11. How Did the Witch Panics End? (28:48–33:22)
- The decline was triggered by changing legal standards: once courts started doubting confessions, peer accusations, bodily marks, and swimming tests, the judicial foundation of witch-hunting collapsed.
- With the law revised, witchcraft accusations became illegal, but belief did not disappear overnight. Vigilante “justice” sometimes filled the gap.
"One day it was illegal to be a witch and practice witchcraft. The next day it was illegal to even claim that witchcraft existed and was a real phenomenon." — Steven Veerapen (32:36)
12. Key Takeaways: Not 'Backward Thinking'—But a Cautionary Tale (33:32–36:19)
- Veerapen cautions against viewing James and his peers as merely misguided villains, noting that within their context, they saw themselves as heroes purging societal evils.
- History, he emphasizes, is not a straight line of progress—sometimes, "progressive" thinking leads down dark alleys.

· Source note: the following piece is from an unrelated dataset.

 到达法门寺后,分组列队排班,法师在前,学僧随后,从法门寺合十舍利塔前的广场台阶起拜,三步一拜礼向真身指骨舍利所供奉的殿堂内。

"To people like King James, hunting witches was progressive. They were getting rid of what they thought was a problem." — Steven Veerapen (36:04)
13. Next Project Teaser (36:19–37:55)
- Veerapen’s next scholarly focus is Henry VIII—not just as King of England but as a figure in British (including Scottish, Welsh, Irish) context.

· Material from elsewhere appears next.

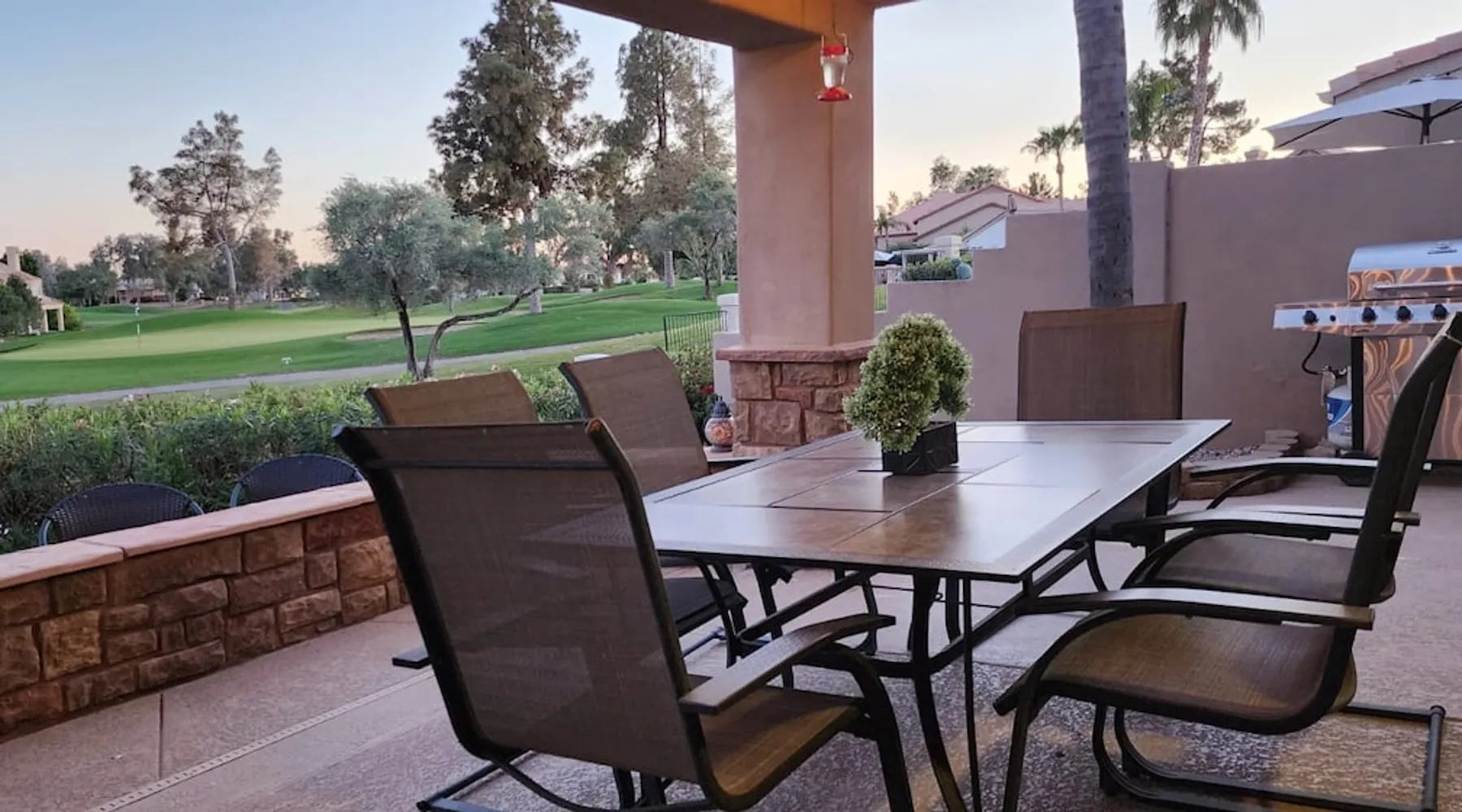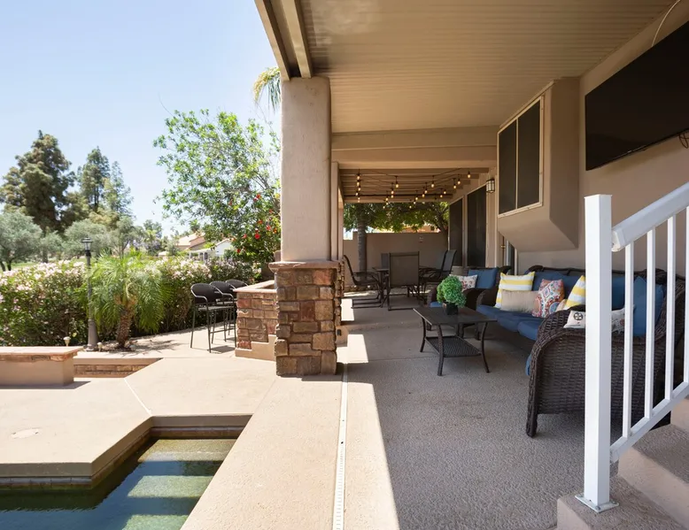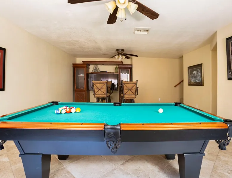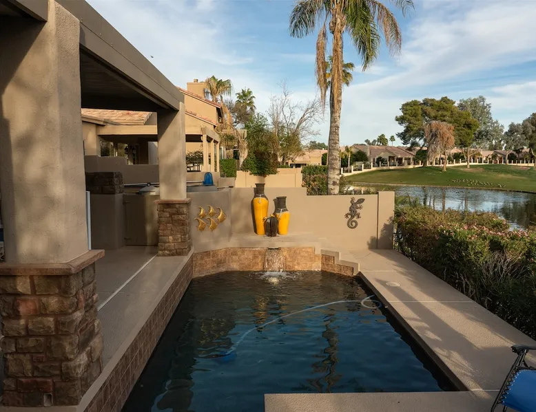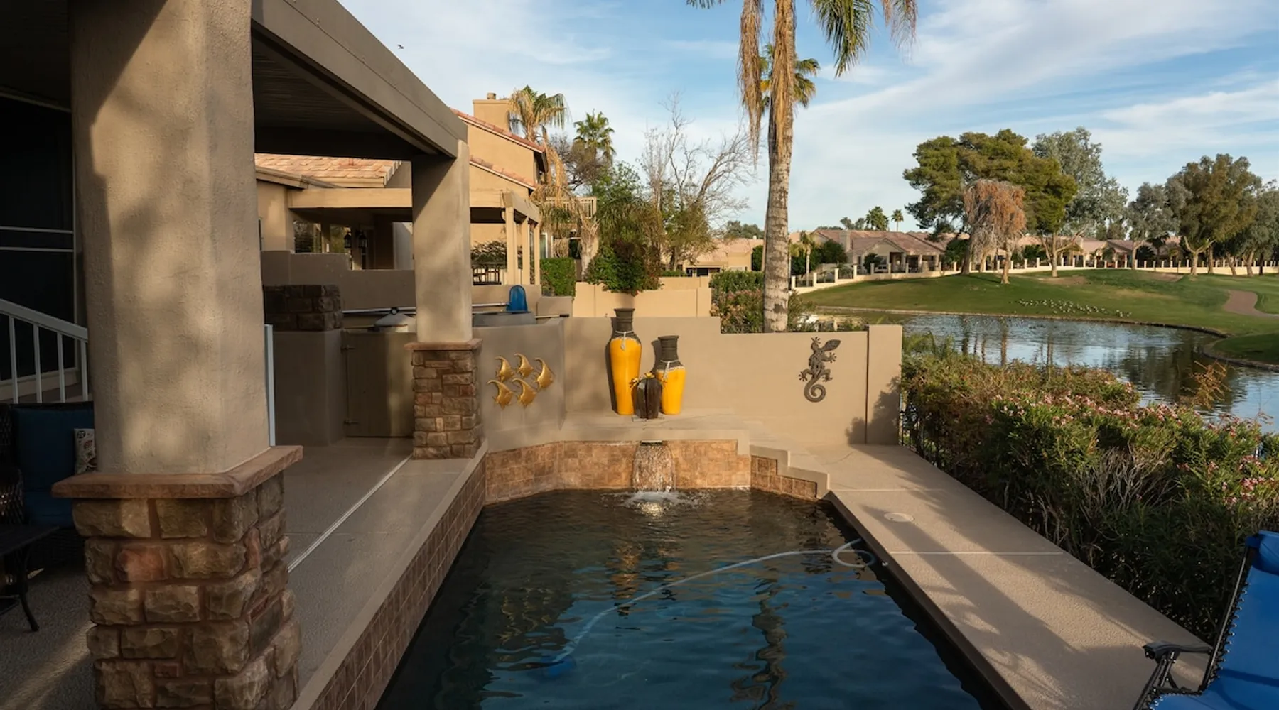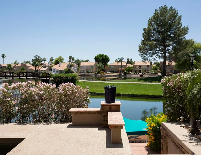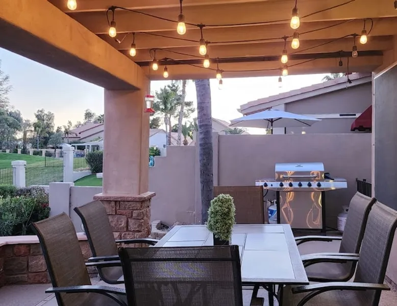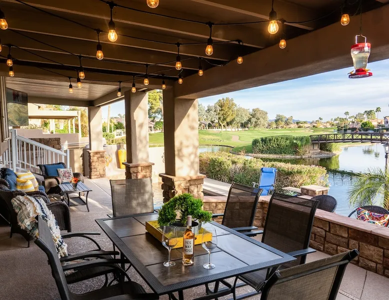 This 4 B/R home is located in a quiet, established neighborhood. The home has been recently furnished and upgraded and includes a pool table. It has an amazing backyard with golf course and lake views, boat dock and overlooking swimming pool (HEATING OPTIONAL) and BBQ grill. The space Thank you for checking us out! Please read the entire description as we try to answer the most common questions we get from guests. This listing is for the entire home including the backyard with pool (HEATING OPTIONAL) and patio area. The home is 2700 square feet with vaulted ceilings and new furnishings. All the essentials are provided such as sheets, blankets, towels, bath and shower toiletries and laundry supplies for your entire group. There is off-street parking available for up to 4 cars (2 garaged). There are no trailer, camper or RV parking accommodations available. **STAIRS ARE REQUIRED TO ACCESS BEDROOMS** SLEEPING AREAS: Master suite with king-size bed and attached full bathroom (main floor plus 2 steps up) Dedicated office space in Master bedroom One private bedroom with queen size bed (main floor plus 2 steps up) Two private bedrooms with queen size beds (lower floor) Front living room with a queen size sofa bed (main floor) Guest bathroom in hallway upstairs and in basement COMMON AREAS: Large kitchen with all your cooking needs, separate dining area, living room, family room, billiards room and a fully stocked laundry room, hair dryer, iron & ironing board, and vacuum cleaner are also available. (Children supplies such as high chair and pack n play are available for rent, please ask if needed. $5 per day per item, plus a $35 delivery charge. All fees subject to Arizona sales tax.) PARKING: Driveway can accommodate 4 vehicles, 2 garaged. No overnight street parking allowed. ** No Trailer or RV Parking Accommodations Available** ENTERTAINMENT: HDTV and Wireless High Speed Internet provided (information is documented in the home). 50” HDTV in living room 50” HDTV in family room 65” HDTV in billiards room 42” HDTV in Master Suite 42” HDTV in Upstairs guest room 42” HDTV in downstairs guest room 50" HDTV on back patio POOL: Heating Optional - the swimming pool is not normally heated and may take up to 24-36 hours to get up to desired temperature (varies with weather) and because of the heat pump system the pool heater will not operate below outside temperatures of 50 deg. Please let us know at booking time if you are interested in the heated pool option. Guests requesting this option are responsible for a service fee ($50/night - 1 week minimum plus tax and fees) added on to your reservation cost. BACKYARD: Gas BBQ Patio seating Pool PETS: ***Please let us know if you have pets, as dogs only are welcome to stay here with a max limit of 3 dogs. There is a per pet fee of $10 per day (plus tax). We do require that you have a place to keep your pet (i.e. dog crate, pet carrier, etc.) while you may be away from the house. We also need to know a few things about your pet (color, breed, weight, and age). Please let us know these details at booking time so that we are able to inform the community of your pet. Please note that guests are still responsible for picking up after their pet. Additional cleaning fees may be charged for pet messes left behind. *We do our best to ensure guests have a 5-star experience. Guests will be provided with a start up supply of household items such as laundry soap, dish soap, paper towels, toilet paper etc so that upon check in you do not need to run to the store. If you are staying longer than a few days, you will need to purchase these items. Thank you! When booking, please let us know how many guests will be in your party as well as how many vehicles you will have on-site, as well as the nature of your visit. With that info we can make sure the home is ready for your group and that you have all the necessary supplies, linens, etc. I am happy to answer any questions you may have. LOUD PARTIES AND LARGE GATHERINGS ARE NOT PERMITTED. Please only book this home if you will respect the neighborhood and its residents. Please limit noise when you are outside and observe quiet hours from 10PM to 8AM. LONG TERM STAYS: We offer discounts for longer term stays. Contact us for details! Note: Looking for a new home? Jon and Amanda are licensed real estate agents and specialize working with out of state buyers. We also offer our guests a credit of up to $1000 toward closing costs on the purchase of a home in the Phoenix metro area. Please let us know if you need assistance finding a property to meet your needs. If your trip is more adventure focused, the home is located near the Red Rock Mountain. Saguaro Lake is not far away as well. This home is also located an easy drive to Major League Baseball spring training stadiums, the Barrett Jackson auto show, the Arabian Horse Show, the Fiesta Bowl and all the other great area events If you are going to be travelling around the Southwest after your time in Phoenix, you can feel free to leave bigger bags here and use this as your base. San Diego, LA, Las Vegas, and the beaches of Mexico are all about 5 hours away. The Grand Canyon, Sedona, White Mountains, and AZ`s wine country are 2-4 hours. Take your carry-on and leave the big stuff while you explore. We have been to almost every corner of the state, so if you want to know the hidden treasures, we would be happy to tell you our favorite places to visit. Please note, because Phoenix is so spread out, we advise having a vehicle if you stay with us. Public transportation is not far away from our home, but it takes a while to get to most parts of the city from our home. With a car, we are convenient to most parts of the Valley, including downtown Phoenix (sports, restaurants, and arts), Tempe (shopping, restaurants, nightlife), Glendale (sports and shopping) and Scottsdale (shopping, arts, sports, nightlife). OTHER NOTES: *NO WALKING ON THE GOLF COURSE. It`s against the community

Memorable Quotes & Key Timestamps
-
On the myth of medieval witch-hunting:
"People have a perception that [witch hunting] was a medieval pursuit… it wasn't." — Steven Veerapen (04:19) -
On the Kirk and King as 'unhappy bedfellows':
"On this subject, they could absolutely unite and make kind of unhappy bedfellows... because witches were the common enemy." — Steven Veerapen (16:03) -
On James's personality:
"The guy never had an unexpressed thought. Everything that went on, he had an opinion on it and he wanted everyone to know his opinion." — Steven Veerapen (11:46) -
On historical progress:
"History is not just a straight line of things getting better. There are a lot of blind alleys and it goes off in horrible directions and wrong directions and things." — Steven Veerapen (36:15) -
On legal change and the end of witch-hunting:
"One day it was illegal to be a witch and practice witchcraft. The next day it was illegal to even claim that witchcraft existed and was a real phenomenon." — Steven Veerapen (32:36)

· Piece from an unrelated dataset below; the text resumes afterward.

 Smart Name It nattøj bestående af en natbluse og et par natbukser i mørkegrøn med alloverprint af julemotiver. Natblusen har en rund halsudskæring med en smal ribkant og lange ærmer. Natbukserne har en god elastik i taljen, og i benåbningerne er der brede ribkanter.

Episode Structure & Timestamps
- 01:36–03:47 — Introductions & impetus for the book
- 03:47–07:41 — Medieval, Reformation and Counter-Reformation context
- 07:41–09:12 — Elizabethan legal context
- 09:37–11:25 — The genesis of James’s obsession & North Berwick trials
- 11:25–13:25 — James’s "Demonology" and self-presentation
- 13:25–17:18 — Political utility of witch-hunting; unity against a common enemy
- 17:56–20:23 — The structure of panics and what caused/dampened them
- 20:23–24:56 — James as King of England; Witch-hunting subsides
- 25:13–28:48 — Post-James witch panics and legacy in courts and culture
- 28:48–33:22 — How the panic ended: the law’s transformation
- 33:32–36:19 — Reflections on historical understanding, mindset and progress
- 36:19–37:55 — Veerapen’s next project: Henry VIII in British context
Final Thoughts
"Witches: A King's Obsession" challenges simplistic narratives about early modern witch-hunting, showing it as a product of its cultural and political moment—one shaped profoundly by the personality and ambitions of King James. Veerapen’s scholarship urges us to see both the banality and the horror of the period, and reminds us that “progress” is always a matter of perspective.